Exhibit # 2: The promise of new power infrastructure in both the emerging and developed markets around the world is very good news. The $4-billion contract it recently got as a part of a consortium to build a hydropower plant in Africa is an example of how the company is able to work with Chinese companies. Power Construction Corp., a Chinese construction company that specializes in large infrastructure projects, is part of the consortium. 

Ramer’s made a convincing argument why the moves Larry Culp has made to focus GE are paying off. The question is whether they’ll be enough to continue to attract investors to General Electric stock.

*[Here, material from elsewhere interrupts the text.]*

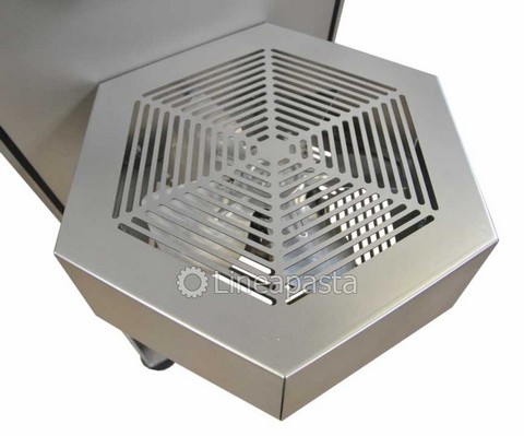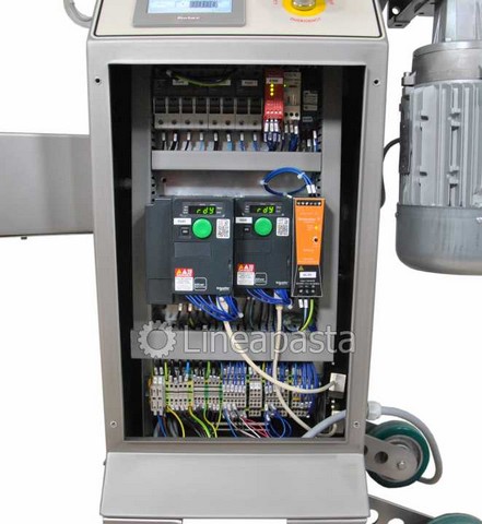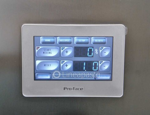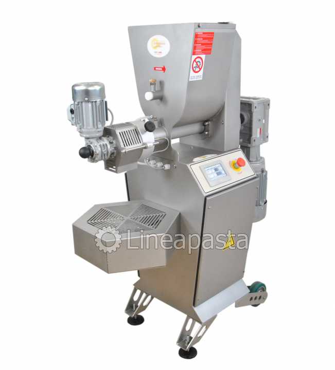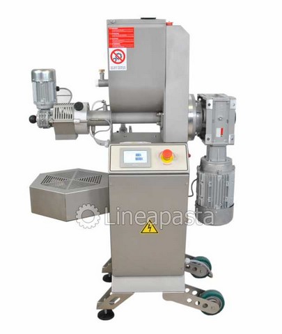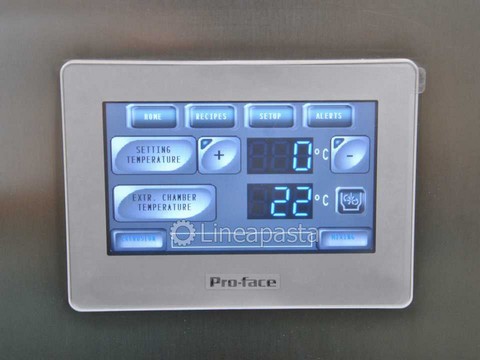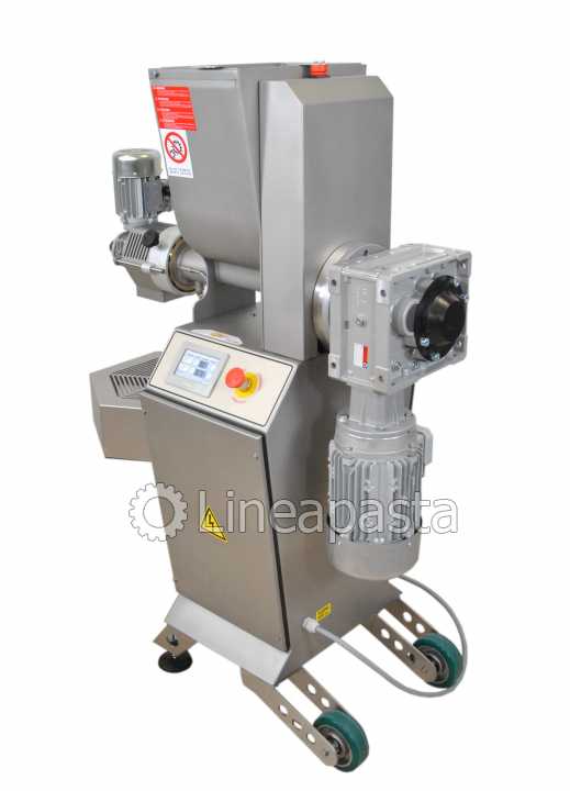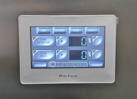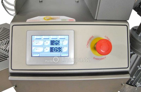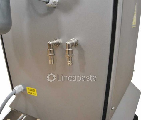 The PS 20 fresh pasta machine is a pasta machine suitable for restaurants and small pasta factories. Entirely made of stainless steel for easy cleaning and mounted on swivel wheels and locking feet. It is equipped with a fan for a first drying of the pasta. It is also possible to extrude for many consecutive hours without having to stop to let the extrusion cylinder cool, thanks to the water cooling system. The PS 20 press is a professional pasta machine with a production of 10 Kg/h suitable for producing any size of fresh short pasta, long pasta and adjustable pastry. The pasta machine is complete with an automatic knife for an easier production of short pasta. It is also equipped with a digital touch screen control panel. The machine is equipped with a touch screen control system with the ability to load and customize recipes according to your production needs, customizing the extrusion speed, the knife speed and the temperature of the extrusion cylinder.

Sell GE Stock and Don’t Look Back

They say you should never sneeze at a profit, especially one as large as GE’s. To not consider taking profits off the table would be irresponsible, given GE’s destroyed 85% of shareholder value since the turn of the century. 

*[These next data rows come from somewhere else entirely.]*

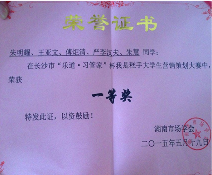 在经管系领导的高度重视和认真组织下,通过指导老师和参赛选手的共同努力,由陈龙山老师带队的ATP团队在长沙市"乐道·习管家杯"我是糕手大学生营销策划大赛荣获一等奖。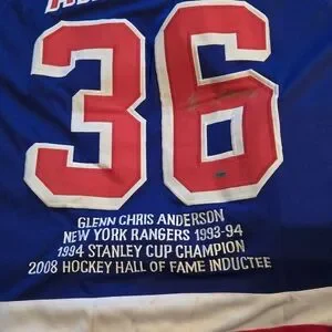 Autographed Glenn Anderson Rangers Jersey nicely stitched also has accomplishments stitched below number on jersey one if a kind.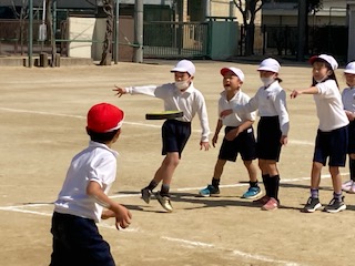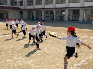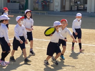 ドッヂビーはウレタン製のフライングディスクの一つで、普段のドッジボールと同じようなルールで遊びます。安全で当たっても痛くないし怪我もしません。手首のスナップをきかせて相手にめがけて投げます。でもカーブして曲がっていくので違う人が当たったりして、そこもおもしろいところです。楽しんで活動する1年生の子どもたちの元気な声が運動場に響いていました。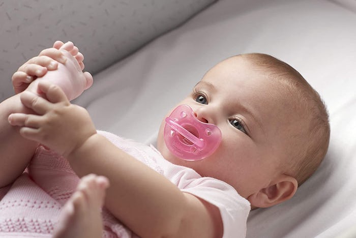Amazon reviewers indicate that their babies love this brand of paci; they give this pick an impressive 4.7-star overall rating and more than 11,700 reviews. This three-pack of pacifiers comes in two colors — pink or blue. If you'd prefer, it's also available in a two-pack.

InvestorPlace’s Ian Bezek recently looked at the pros and cons of General Electric’s business. He had lots of good things to say about the moves Culp has made to transform and turn around GE, the best of which was obtaining $21 billion for its biopharma business, which Bezek says appears to have been “a solid price.”  But ultimately, he came to the conclusion that the “new” GE just doesn’t provide the same potential gains for investors that it used to. 

In other words, while it might regain positive free cash flow by 2020, its earning power won’t be nearly as robust as it once was. As recently as 2014, GE had almost $21 billion of free cash flow. After selling so many divisions to tidy up its balance sheet, it’s lost the ability to generate significant cash flow. 

Analysts like Stephen Tusa see that as a big problem. I would tend to agree with them. 

In my most recent article in June about GE stock, I pointed out that GE had a free cash flow margin of 24% in 2000. That’s  almost three times higher than its margin is expected to be in 2021. 

The cash flow-generating machine that once was GE is no longer. Don’t look a gift horse in the mouth. 

Sell GE stock while you’ve still got a profit to talk about.   

At the time of this writing Will Ashworth did not hold a position in any of the aforementioned securities.